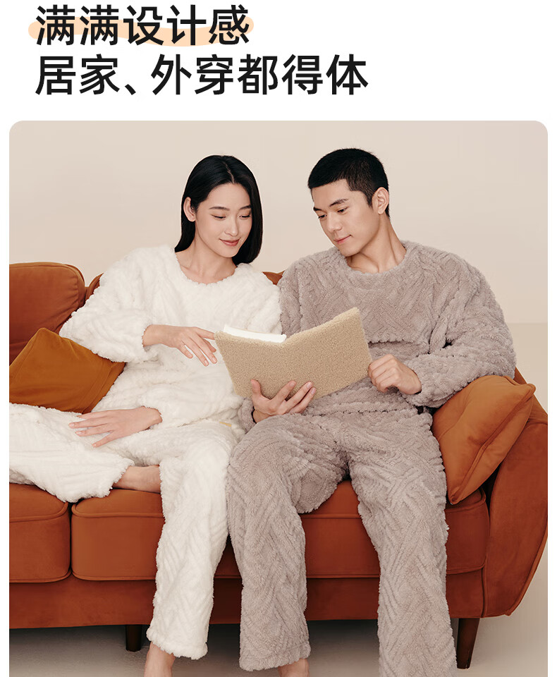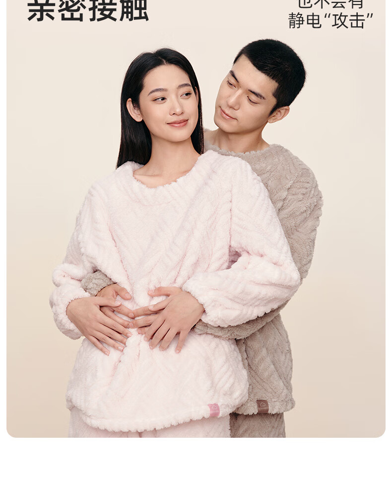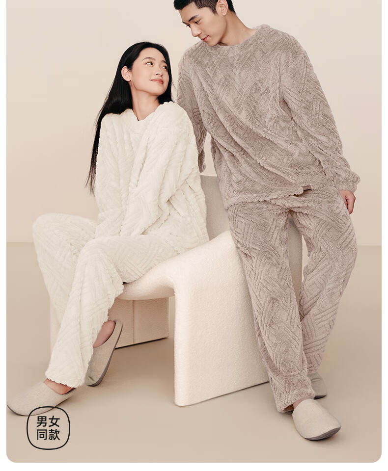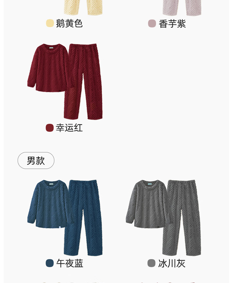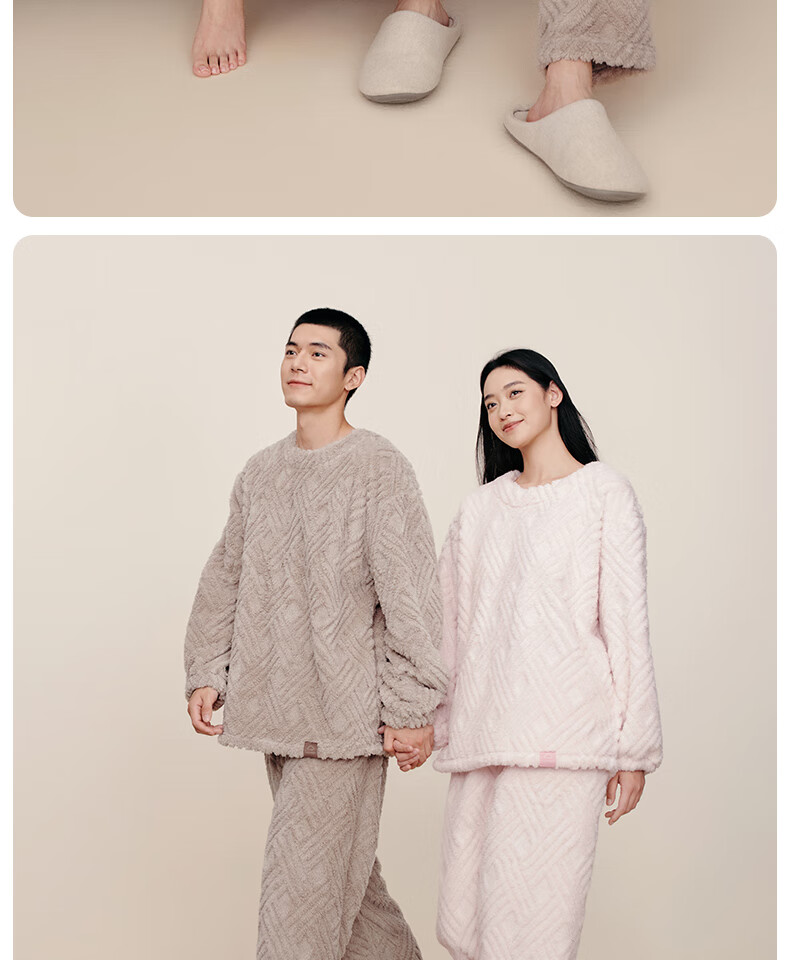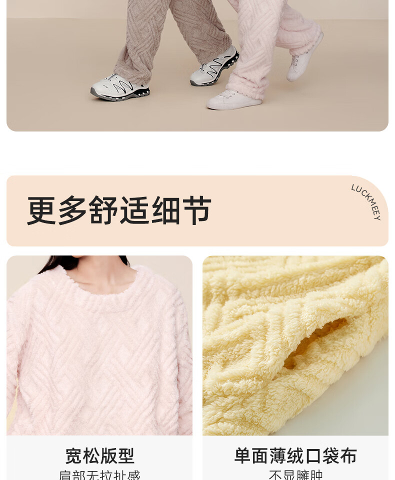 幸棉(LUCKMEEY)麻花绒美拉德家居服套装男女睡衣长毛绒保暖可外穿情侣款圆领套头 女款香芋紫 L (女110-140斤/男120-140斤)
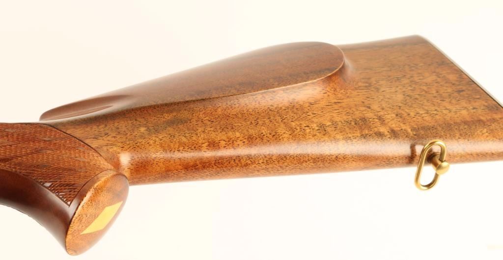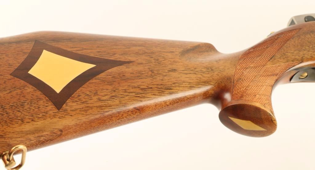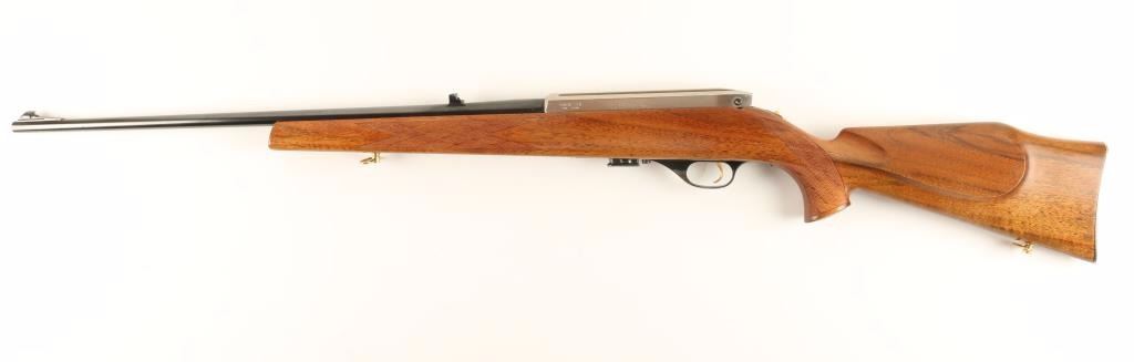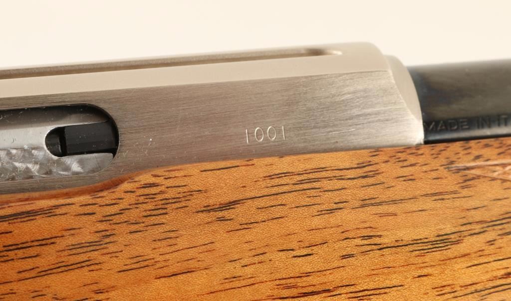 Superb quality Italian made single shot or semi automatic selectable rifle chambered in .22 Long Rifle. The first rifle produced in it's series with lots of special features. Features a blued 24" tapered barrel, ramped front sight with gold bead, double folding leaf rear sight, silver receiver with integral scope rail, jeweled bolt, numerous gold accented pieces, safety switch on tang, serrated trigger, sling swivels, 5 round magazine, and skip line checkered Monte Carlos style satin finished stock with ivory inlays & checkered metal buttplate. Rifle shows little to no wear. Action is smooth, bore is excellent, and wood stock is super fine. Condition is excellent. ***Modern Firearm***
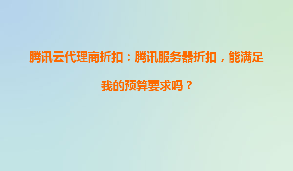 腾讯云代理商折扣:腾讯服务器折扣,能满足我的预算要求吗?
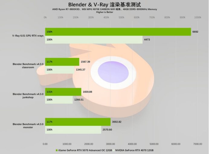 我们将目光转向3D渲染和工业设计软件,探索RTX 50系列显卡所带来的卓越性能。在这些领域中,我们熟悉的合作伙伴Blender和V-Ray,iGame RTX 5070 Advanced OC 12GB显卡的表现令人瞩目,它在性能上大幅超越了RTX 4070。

* * *

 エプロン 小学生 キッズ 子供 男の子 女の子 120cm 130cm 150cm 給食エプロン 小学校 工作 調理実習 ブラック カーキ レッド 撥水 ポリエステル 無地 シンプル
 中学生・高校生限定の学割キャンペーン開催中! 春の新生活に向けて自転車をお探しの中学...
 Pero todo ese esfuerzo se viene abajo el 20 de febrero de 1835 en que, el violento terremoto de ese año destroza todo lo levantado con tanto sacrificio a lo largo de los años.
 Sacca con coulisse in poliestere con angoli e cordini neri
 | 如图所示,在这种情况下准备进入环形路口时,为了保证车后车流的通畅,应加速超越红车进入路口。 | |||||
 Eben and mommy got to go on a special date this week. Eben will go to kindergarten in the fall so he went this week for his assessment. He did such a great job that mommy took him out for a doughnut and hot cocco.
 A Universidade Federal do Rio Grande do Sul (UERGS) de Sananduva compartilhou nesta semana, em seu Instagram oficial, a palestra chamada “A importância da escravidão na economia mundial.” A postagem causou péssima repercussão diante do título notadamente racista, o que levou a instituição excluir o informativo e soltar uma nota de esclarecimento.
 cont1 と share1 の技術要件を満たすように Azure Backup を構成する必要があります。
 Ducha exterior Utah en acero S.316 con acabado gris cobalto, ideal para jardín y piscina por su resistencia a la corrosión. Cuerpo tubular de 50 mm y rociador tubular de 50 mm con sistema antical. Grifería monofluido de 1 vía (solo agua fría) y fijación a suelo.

...

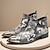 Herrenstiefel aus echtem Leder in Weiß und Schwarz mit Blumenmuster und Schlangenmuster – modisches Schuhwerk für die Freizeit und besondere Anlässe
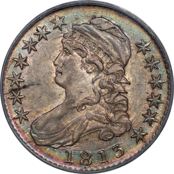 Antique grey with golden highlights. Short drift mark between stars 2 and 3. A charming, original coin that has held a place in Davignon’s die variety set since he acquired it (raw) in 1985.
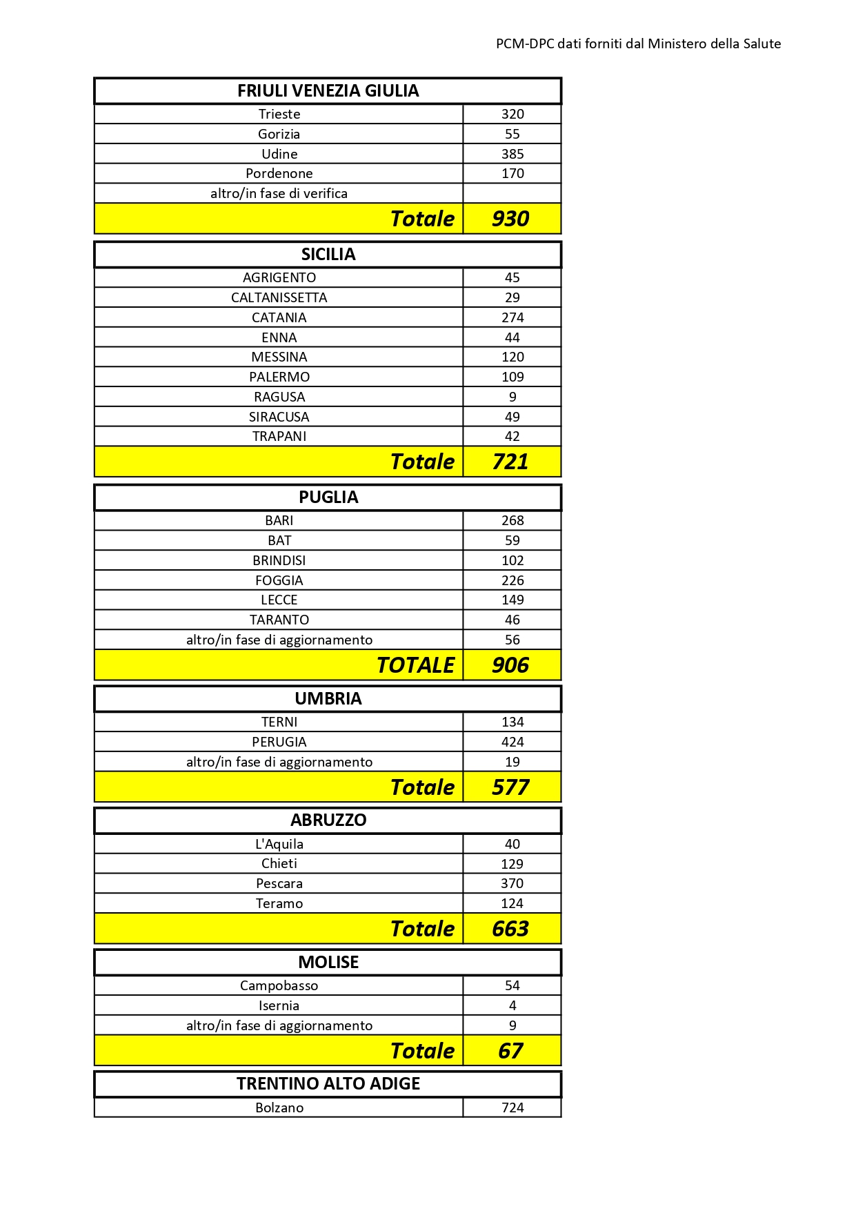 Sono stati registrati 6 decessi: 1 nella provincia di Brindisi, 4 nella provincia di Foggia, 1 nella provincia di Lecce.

Your instructions
In the listing above, find the line with "Antique grey with" and output every line through the one with "Sono stati registrati", exactly, without the pictures.

Response area
 Antique grey with golden highlights. Short drift mark between stars 2 and 3. A charming, original coin that has held a place in Davignon’s die variety set since he acquired it (raw) in 1985.
 Sono stati registrati 6 decessi: 1 nella provincia di Brindisi, 4 nella provincia di Foggia, 1 nella provincia di Lecce.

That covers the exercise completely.